Question

the spinner below is spun once. spinner with numbers 1–16 column 1: t: ( p(\text{even}) ) (handwritten ( \frac{8}{16} = \frac{1}{2} )); e: ( p(\text{at least } 7) ); t: ( p(\text{prime}) ) (handwritten ( 2,3,5,7,11,13 )); o: ( p(\text{multiple of } 5 \text{ and odd}) ). column 2: 9: ( p(\text{unshaded}) ) (( \frac{6}{16} )); 7: ( p(10 \text{ or a multiple of } 3) ) (with “skip count” and ( \frac{6}{16} )); 2: ( p(\text{shaded and at most } 4) ) (( \frac{2}{16} )); 12: ( p(\text{less than } 9) ) (handwritten ( \frac{8}{16} = \frac{1}{2} )).

Explanation:

To solve the probability problems related to the spinner, we first note that the spinner has 16 equally - likely outcomes (numbers from 1 to 16). We will solve each probability problem one by one:

1. \(P(\text{even})\)

Step 1: Identify even numbers on the spinner

The even numbers between 1 and 16 are 2, 4, 6, 8, 10, 12, 14, 16. So, the number of favorable outcomes \(n = 8\). The total number of possible outcomes \(N=16\).

Step 2: Calculate the probability

The formula for probability is \(P(A)=\frac{\text{Number of favorable outcomes}}{\text{Total number of outcomes}}\). So, \(P(\text{even})=\frac{8}{16}=\frac{1}{2}\)

2. \(P(\text{at least }7)\)

Step 1: Identify numbers at least 7

The numbers at least 7 (i.e., greater than or equal to 7) on the spinner are 7, 8, 9, 10, 11, 12, 13, 14, 15, 16. The number of favorable outcomes \(n = 10\).

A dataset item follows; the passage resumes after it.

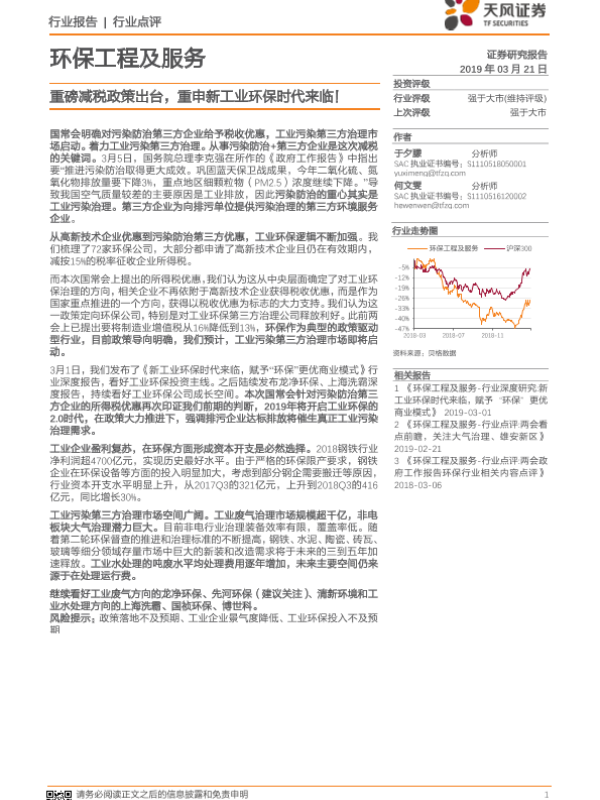 【天风证券】【20190321】重磅减税政策出台,重申新工业环保时代来临-14页 行业研究
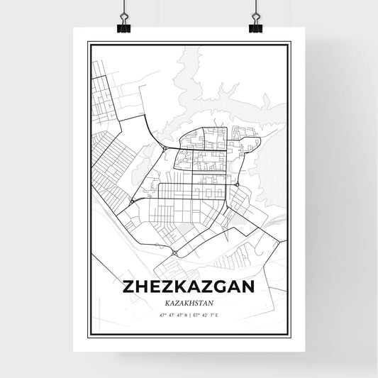 Zhezkazgan Kazakhstan - Scandinavian Style City Map for Modern Home Decor

The total number of possible outcomes \(N = 16\).

Step 2: Calculate the probability

Using the probability formula \(P(A)=\frac{n}{N}\), we get \(P(\text{at least }7)=\frac{10}{16}=\frac{5}{8}\)

3. \(P(\text{prime})\)

Step 1: Identify prime numbers on the spinner

Prime numbers between 1 and 16 are 2, 3, 5, 7, 11, 13. The number of favorable outcomes \(n=6\). The total number of possible outcomes \(N = 16\).

Step 2: Calculate the probability

Using the probability formula \(P(A)=\frac{n}{N}\), we get \(P(\text{prime})=\frac{6}{16}=\frac{3}{8}\)

4. \(P(\text{multiple of }5\text{ and odd})\)

Step 1: Identify numbers that are multiple of 5 and odd

The numbers between 1 and 16 that are multiples of 5 are 5, 10, 15. Among these, the odd ones are 5, 15. So, the number of favorable outcomes \(n = 2\). The total number of possible outcomes \(N=16\).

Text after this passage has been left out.